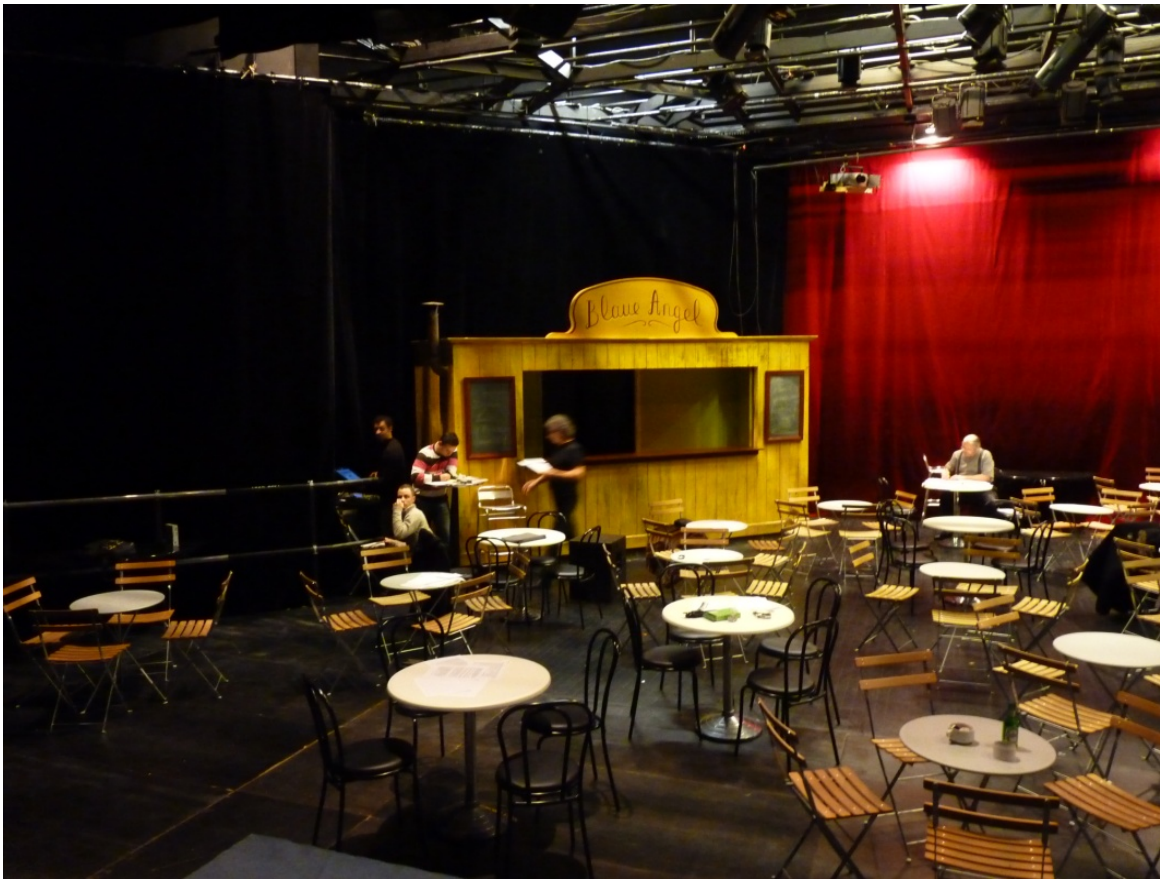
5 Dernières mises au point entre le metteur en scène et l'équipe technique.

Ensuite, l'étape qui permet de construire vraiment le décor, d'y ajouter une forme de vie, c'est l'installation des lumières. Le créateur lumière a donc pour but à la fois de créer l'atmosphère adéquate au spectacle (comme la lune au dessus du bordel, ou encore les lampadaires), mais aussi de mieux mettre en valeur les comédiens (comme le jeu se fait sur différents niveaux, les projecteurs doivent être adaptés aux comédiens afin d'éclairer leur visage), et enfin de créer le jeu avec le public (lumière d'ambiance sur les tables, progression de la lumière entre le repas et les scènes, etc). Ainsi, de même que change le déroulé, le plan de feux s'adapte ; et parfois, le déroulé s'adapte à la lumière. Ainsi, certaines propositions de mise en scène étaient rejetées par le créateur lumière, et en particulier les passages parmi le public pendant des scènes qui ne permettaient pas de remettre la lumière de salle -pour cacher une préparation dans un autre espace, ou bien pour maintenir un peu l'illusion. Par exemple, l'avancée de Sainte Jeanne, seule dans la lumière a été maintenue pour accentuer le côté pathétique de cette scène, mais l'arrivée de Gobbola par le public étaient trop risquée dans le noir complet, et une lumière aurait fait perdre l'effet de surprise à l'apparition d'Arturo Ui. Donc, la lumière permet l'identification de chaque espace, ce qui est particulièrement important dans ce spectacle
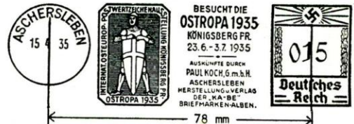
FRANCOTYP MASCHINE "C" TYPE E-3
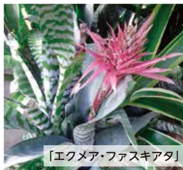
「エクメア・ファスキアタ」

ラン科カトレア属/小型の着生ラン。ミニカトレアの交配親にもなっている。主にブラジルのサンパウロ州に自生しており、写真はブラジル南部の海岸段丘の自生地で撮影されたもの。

=======

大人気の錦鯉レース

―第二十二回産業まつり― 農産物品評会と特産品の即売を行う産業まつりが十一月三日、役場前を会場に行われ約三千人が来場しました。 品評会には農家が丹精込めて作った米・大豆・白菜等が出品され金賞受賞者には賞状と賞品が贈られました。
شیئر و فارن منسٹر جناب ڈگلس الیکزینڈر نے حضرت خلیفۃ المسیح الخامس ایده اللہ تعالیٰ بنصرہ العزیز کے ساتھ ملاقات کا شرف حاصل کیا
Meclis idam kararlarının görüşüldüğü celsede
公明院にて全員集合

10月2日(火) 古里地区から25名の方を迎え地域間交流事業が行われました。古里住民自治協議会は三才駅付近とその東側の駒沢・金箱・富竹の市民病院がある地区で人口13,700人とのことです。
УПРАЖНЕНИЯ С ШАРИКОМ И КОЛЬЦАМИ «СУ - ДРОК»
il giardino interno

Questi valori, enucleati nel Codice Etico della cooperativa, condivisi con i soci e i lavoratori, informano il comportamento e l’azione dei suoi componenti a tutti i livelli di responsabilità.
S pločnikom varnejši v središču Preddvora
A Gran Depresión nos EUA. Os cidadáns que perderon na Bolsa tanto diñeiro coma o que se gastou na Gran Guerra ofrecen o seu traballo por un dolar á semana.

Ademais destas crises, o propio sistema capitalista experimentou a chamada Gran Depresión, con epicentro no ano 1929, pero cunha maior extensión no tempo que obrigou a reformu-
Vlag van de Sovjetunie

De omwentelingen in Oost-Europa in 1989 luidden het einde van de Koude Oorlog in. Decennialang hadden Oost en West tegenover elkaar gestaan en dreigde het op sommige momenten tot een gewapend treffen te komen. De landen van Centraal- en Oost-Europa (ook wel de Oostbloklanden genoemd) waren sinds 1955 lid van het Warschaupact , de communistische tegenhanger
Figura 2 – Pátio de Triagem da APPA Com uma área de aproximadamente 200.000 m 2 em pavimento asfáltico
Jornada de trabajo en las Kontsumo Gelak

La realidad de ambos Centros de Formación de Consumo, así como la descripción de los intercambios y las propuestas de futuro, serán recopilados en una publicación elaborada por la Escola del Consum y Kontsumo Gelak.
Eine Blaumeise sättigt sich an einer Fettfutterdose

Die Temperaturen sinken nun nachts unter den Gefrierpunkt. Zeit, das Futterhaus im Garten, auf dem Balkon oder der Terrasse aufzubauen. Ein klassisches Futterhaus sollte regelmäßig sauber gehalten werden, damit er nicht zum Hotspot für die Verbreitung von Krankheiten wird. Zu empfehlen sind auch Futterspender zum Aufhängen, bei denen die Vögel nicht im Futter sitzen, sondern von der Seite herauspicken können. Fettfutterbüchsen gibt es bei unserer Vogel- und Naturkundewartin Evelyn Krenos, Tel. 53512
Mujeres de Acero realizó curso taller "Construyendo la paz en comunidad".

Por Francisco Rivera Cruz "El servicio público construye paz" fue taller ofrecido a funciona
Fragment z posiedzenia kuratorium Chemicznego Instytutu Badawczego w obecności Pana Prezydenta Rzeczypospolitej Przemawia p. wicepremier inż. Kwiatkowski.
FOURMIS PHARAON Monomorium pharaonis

=======

* _What is being asked_
Please give an exact copy of the lines above, beginning with the line containing "Vlag van de Sovjetunie" and running through the line containing "Jornada de trabajo en las Kontsumo Gelak", and of no other lines.

* _Expected output_
Vlag van de Sovjetunie

De omwentelingen in Oost-Europa in 1989 luidden het einde van de Koude Oorlog in. Decennialang hadden Oost en West tegenover elkaar gestaan en dreigde het op sommige momenten tot een gewapend treffen te komen. De landen van Centraal- en Oost-Europa (ook wel de Oostbloklanden genoemd) waren sinds 1955 lid van het Warschaupact , de communistische tegenhanger
Figura 2 – Pátio de Triagem da APPA Com uma área de aproximadamente 200.000 m 2 em pavimento asfáltico
Jornada de trabajo en las Kontsumo Gelak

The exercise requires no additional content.